Des robots pilotés par “automodélisation”

Un robot qui a l’image de lui-même : à la croisée de l’informatique, des sciences physiques et de la biologie, le Creative Machines Lab de l’Université Columbia (États-Unis) développe le concept d’automodélisation. Le principe consiste à donner à un robot une sorte de perception de ses mouvements. Le laboratoire a détaillé son dernier projet en juillet 2022 dans Science Robotics.

Lors d’une phase d’apprentissage, un bras robotisé à quatre degrés de liberté s’agite au hasard en tous sens pendant quelques secondes, filmé sous cinq angles différents. À chaque posture sont enregistrés les angles de chaque articulation et une modélisation 3D en nuage de points de la machine. Le tout constitue une base de données qui entraîne le robot à savoir comment va se traduire dans l’espace tel mouvement d’articulation. Sans capteur, il parvient à obtenir une image entière de lui-même avant de se mouvoir, en une simulation de proprioception. Lors des tests, la machine a réussi non seulement à réaliser les tâches visées, mais aussi à le faire en évitant un obstacle. Pour l’équipe, ce dispositif est “similaire à la faculté naturelle de l’humain à ‘voir dans sa propre tête’ si son corps passe dans un espace étroit “.

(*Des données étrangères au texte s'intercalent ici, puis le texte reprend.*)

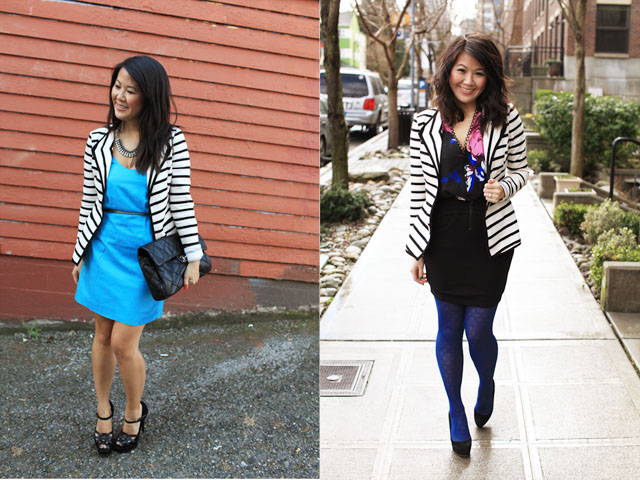 I love blazers and probably have way too many in my closet but during fall and winter, I wear them all the time so I definitely get my use out of all of mine!  I’ve been gravitating towards printed blazers lately and with yesterday’s post with the floral blazer, it got me thinking about my favorite striped blazers and how I need to re-work them into my wardrobe as I kind of forgot about them.
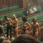 Ορισμένοι βουλευτές δεν μπορούσαν να τραβήξουν το βλέμμα τους από τον εξώστη για το κοινό, όπου εξελισσόταν η γυμνή διαμαρτυρία
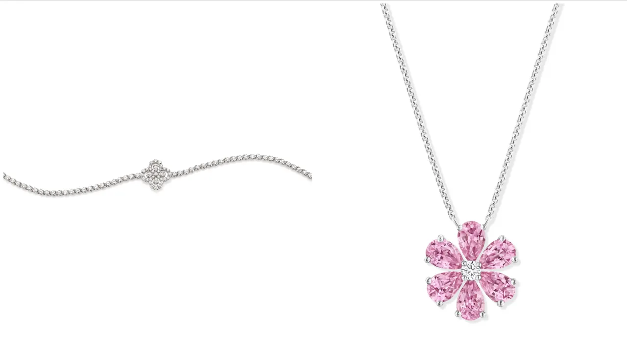 Diamond Loop系列钻石手链中央镶嵌4颗水滴形切割钻石,搭配81颗圆形明亮式切割钻石,共重约4.41克拉,底座为铂金;勿忘我Forget-Me-Not系列粉红刚玉和钻石坠炼镶嵌12颗水滴形切割粉红刚玉(重约2.29克拉)、2颗圆形明亮是切割钻石(重约0.07克拉),底座为铂金。

Le bras robotisé attrape des billes pour les déposer dans un verre grâce à la perception qu’il a de sa propre morphologie. Crédit : CREATIVE MACHINE LAB

Simuler un raisonnement grâce à l’approche symbolique

C’est pourquoi certains chercheurs insistent sur l’intérêt d’intensifier les travaux en utilisant une autre approche : l’intelligence artificielle dite symbolique. Dans les laboratoires, elle était même l’approche dominante avant les succès de l’apprentissage profond. “L’IA symbolique fonctionne selon des descriptions et des règles écrites bien précises que le programmeur comprend “, note Jean-Paul Delahaye. Le code même permet de savoir pourquoi une IA a dit ou fait une chose, pourquoi elle a raison ou elle se trompe. Ce qui revient à simuler un raisonnement.

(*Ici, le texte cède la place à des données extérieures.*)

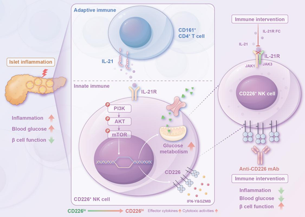 在团队前期发现致病性T细胞新亚群并阐明其介导1型糖尿病(T1D)进展与缓解机制的研究基础上,本研究进一步将视角拓展至先天免疫系统,系统解析了 CD161⁺CD4⁺ T细胞–IL-21–CD226⁺ NK细胞轴在T1D缓解过程中的关键作用。研究首次提出“辅助性T细胞—自然杀伤细胞轴向互作”的免疫调控模式,为深入理解T1D发病机制及探索靶向干预策略提供了新的思路与理论依据。

Les voitures autonomes sont loin de fonctionner uniquement avec du deep learning. Leur système embarque des règles de simulation physique ou le code de la route, qui relèvent de l’IA symbolique. Cette approche serait-elle plus à même de simuler une conscience des machines ? La clef, si elle existe, se trouve probablement dans une hybridation symbolique-statistique. En attendant d’y parvenir, demeure une question : qu’apporterait une IA consciente ? “Le but de l’IA est surtout de fournir des programmes utiles, estime Sébastien Konieczny. Si un chatbot génère du texte de manière naturelle, on peut imaginer de l’intégrer à un robot compagnon, et ce sera plus agréable et plus utile pour l’interaction que de converser avec Siri. Qu’il soit vraiment conscient, c’est plutôt une question philosophique. ”

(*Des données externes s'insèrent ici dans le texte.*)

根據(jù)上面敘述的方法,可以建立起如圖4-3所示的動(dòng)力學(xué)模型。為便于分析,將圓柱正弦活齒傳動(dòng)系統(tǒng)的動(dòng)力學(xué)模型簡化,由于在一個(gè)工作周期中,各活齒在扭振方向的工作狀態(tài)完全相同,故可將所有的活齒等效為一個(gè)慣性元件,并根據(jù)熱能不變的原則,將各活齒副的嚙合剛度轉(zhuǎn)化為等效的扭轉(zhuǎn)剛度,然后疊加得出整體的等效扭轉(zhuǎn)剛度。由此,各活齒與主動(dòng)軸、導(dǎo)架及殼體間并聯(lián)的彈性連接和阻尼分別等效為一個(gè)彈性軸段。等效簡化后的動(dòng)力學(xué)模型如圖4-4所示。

En 1966 déjà, l’effet Eliza

La propension à prêter conscience et ressenti à une IA porte un nom : l’effet Eliza. Conçu en 1966 par Joseph Weizenbaum, chercheur en informatique au Massachusetts Institute of Technology (États-Unis), Eliza était un agent conversationnel en langage naturel simulant un psychothérapeute rogérien : une méthode qui consiste à répéter, sous forme de questions, ce que vient de dire un patient pour l’amener à préciser ses propos. Surpris de voir que des utilisateurs croyaient vraiment parler à un interlocuteur doué d’empathie, Joseph Weizenbaum publiera dix ans plus tard “Computer Power and Human Reason” pour tempérer les fantasmes et insister sur les limites de l’IA.